Trust in Leadership: Why It’s Not a Feeling, but a Pattern of Behaviour
  • Justine Cox
  • 11 January 2026

Trust in Leadership: Why It’s Not a Feeling, but a Pattern of Behaviour

If you have ever looked at your leadership team and thought, “On paper, this should be working,” you are not alone.

The strategy is sound.
The people are capable.
The intent is genuinely good.

And yet, decisions feel slow. Conversations stay polite but surface-level. Ownership feels cautious rather than confident.

In my experience, this is rarely a capability issue.
It is almost always a trust issue.

Not the kind of trust we talk about vaguely or assume is there.
The kind that shows up, or does not, in daily behaviour.

Because trust is not a feeling.
It is a pattern.

Trust is built in what people experience

Many leaders believe trust exists because they are well intentioned, transparent, or technically competent. But trust is not formed by intention. It is formed by experience.

People trust leaders when their behaviour is consistent. When words and actions align. When conversations feel safe, especially when they are uncomfortable.

Trust is created in small, repeatable moments:

  • Following through when it would be easy not to

  • Listening without defensiveness

  • Naming issues early rather than letting them fester

  • Staying present when pressure is high

These moments compound over time. And so do the costs when they are missing.

The mirror and the map of leadership

One of the simplest ways to understand trust is to see it as both a mirror and a map.

The mirror reflects the truth of our leadership. Not how we see ourselves, but how others experience us. It quietly shows whether people feel safe, whether commitments are honoured, and whether our leadership creates clarity or confusion.

The map shows the way forward. When trust is high, teams move with confidence. Decisions are faster. Accountability feels shared. People are willing to take thoughtful risks because they know they are supported.

When trust is low, the path fractures. Energy shifts into self-protection. Collaboration slows. Momentum stalls.

Trust helps us see where we are and guides where we are going, together.

Making trust practical, not abstract

Trust is often spoken about as something intangible.
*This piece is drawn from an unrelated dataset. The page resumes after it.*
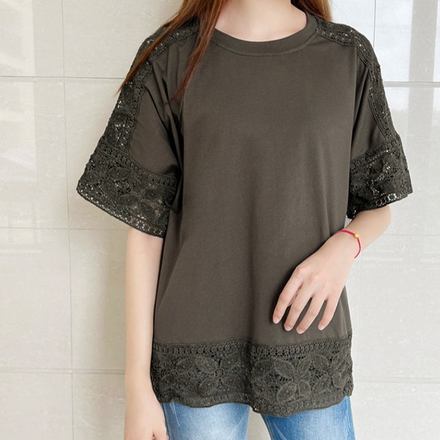大人可愛い必見!2タイプの「花柄 刺繍レース 五分袖 Tシャツ」のご案内です!

In reality, it is highly observable.

One practical lens I often use with leadership teams is Charles Green’s Trust Equation:

Trust = (Credibility + Reliability + Intimacy) ÷ Self-Orientation

In plain language, this invites leaders to reflect on the trust signals they send every day.
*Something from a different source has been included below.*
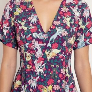 Blackmilk Pokemon Eevee Evolution Floral V Dress Size Large NWOT

Credibility asks: Do people trust my expertise and judgement?
Reliability asks: Do I do what I say I will do?
Intimacy asks: Do people feel safe, respected, and seen in conversation?
Self-orientation asks: Am I leading in service of the team, or myself?
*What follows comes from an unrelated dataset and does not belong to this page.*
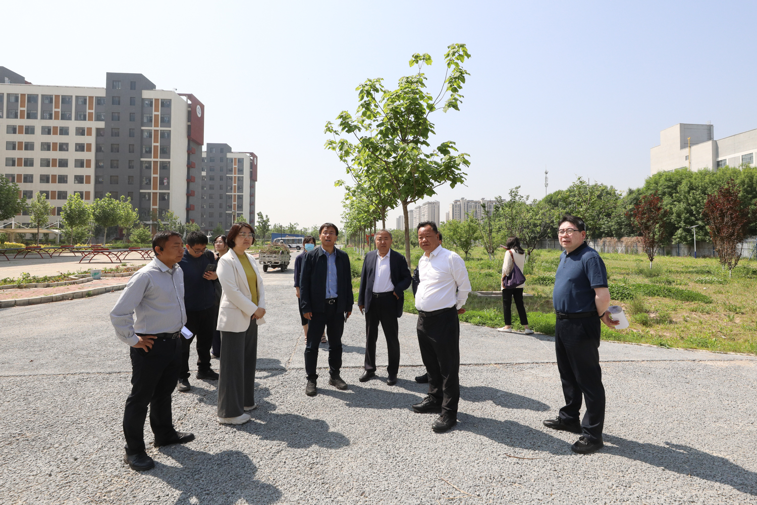 王方、张奇等一行先后实地走访了AB座教学科研楼、良乡主校区总配电室、新建宿舍楼地块,察看项目建设情况,了解学校AB座教学科研楼竣工验收事宜、配电室建设、外电源接入情况,以及新建学生宿舍项目规划设计及建设指标需求情况。随后召开座谈会,与会领导详细听取了学校两校区功能定位及发展规划、良乡主校区建设发展亟需解决的困难及未来校园建设规划,郑文红、校园建设处处长秦东生先后就相关工作进行了汇报。

When teams explore these elements together, trust stops being a vague aspiration. It becomes a set of observable behaviours that people can name, practice, and hold each other to.

What neuroscience tells us about trust at work

Trust is not just relational. It is neurological.

When trust is high, cortisol levels reduce and oxytocin increases. This shifts the brain out of threat and into connection. In this state, people think more clearly, collaborate more effectively, and make better decisions.

This is why research, including Google’s Project Aristotle, consistently shows psychological safety as the strongest predictor of high-performing teams. Psychological safety is not about comfort. It is about trust.

When trust is low, the opposite occurs. Stress responses increase. People become cautious, defensive, or withdrawn. Innovation drops. Engagement erodes. Performance suffers.

Trust directly affects how the brain functions at work.

Trust as a leadership discipline

Trust work is rarely loud or dramatic. It does not require grand gestures or motivational speeches.

It requires discipline.

Discipline to notice your impact.
Discipline to have the conversations you would rather avoid.
Discipline to model the behaviours you want to see repeated.

The most effective leaders I work with treat trust as an everyday practice, not a one-off initiative. They talk about it when things are going well, not only when something has gone wrong.

They understand that trust is built person to person. And that it can look different across different relationships.

A reflection for leaders

If trust is both a mirror and a map, here is a question worth sitting with:

What might the mirror be showing you about your leadership right now?
And where is trust asking you to lead next?

The answers are often quieter than we expect. But they are always useful.

Looking ahead to your Best Year Yet

Strong years do not happen by accident. They are built on clarity, trust, and shared direction.

If you are beginning to think about what you want 2026 to feel like, not just deliver, this is the moment to be intentional.

Trust is not something to assume.
It is something to design, practice, and protect.

And when leaders get that right, everything else becomes possible.